Solana Commission Rates

Finally, DoubleZero seat fees — in quantitative terms — must strike the right balance. They should be in line with existing Solana commission rates, while also ensuring that the underlying connectivity infrastructure can meet its internal rates of return.

To understand this balance, consider the revenue that validators already earn using delegated tokens in building blocks and generating consensus. This revenue comes from multiple components (all of which would be subject to DoubleZero’s seat fee): listed commissions on inflationary rewards, commissions on Jito rewards, and direct fees earned from base fees, voting fees, and priority fees. One can calculate effective commission rates accordingly, as the difference between all value generated from staked tokens and value remitted to those tokenholders (divided by that first term), under various assumptions. Endnote #1 has further details on the methodology.

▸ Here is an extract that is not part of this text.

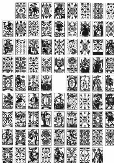
Illustration 2: La Taverne des destins croisés

Le lecteur a accès au plan et au « mots croisés » de tarots : mais l'information y est tellement condensée que ces représentations ne facilitent pas la lecture. Plutôt pourrait-on dire que le texte apparaît comme l'explicitation du système contenu dans le schéma, dans la carte.

The resulting plot below shows that commission rates vary under various scenarios, but they range from 15 - 25% depending on which combinations of SIMDs are implemented. This puts the 5% seat fee for Solana validators in context.

Endnotes

[1] The data for this table comes the Blockworks Solana Financials tables, as of March 13, 2025 and with explanations from Dan Smith. It uses realized data for 2025 until that point, and considers five categories: base fees, voting fees, inflationary rewards, priority fees, and Jito rewards. Base fees and voting fees are assumed to be split 50% to validators and 50% to all tokens (due to burning), of which approximately 65% of that value goes to staked tokens specifically (as the split between staked and unstaked tokens). Priority fees have the same treatment prior to SIMD-096. After SIMD-096, they are assumed to accrue 100% to validators; and after SIMD-123, they are speculatively assumed to accrue 50% to validators and 50% to staked tokens (though validators may choose to set higher commission rates, or possibly even lower ones). The Blockworks data explicitly breaks out inflationary rewards and Jito rewards, along with commissions kept from validators and Jito for those kinds of rewards.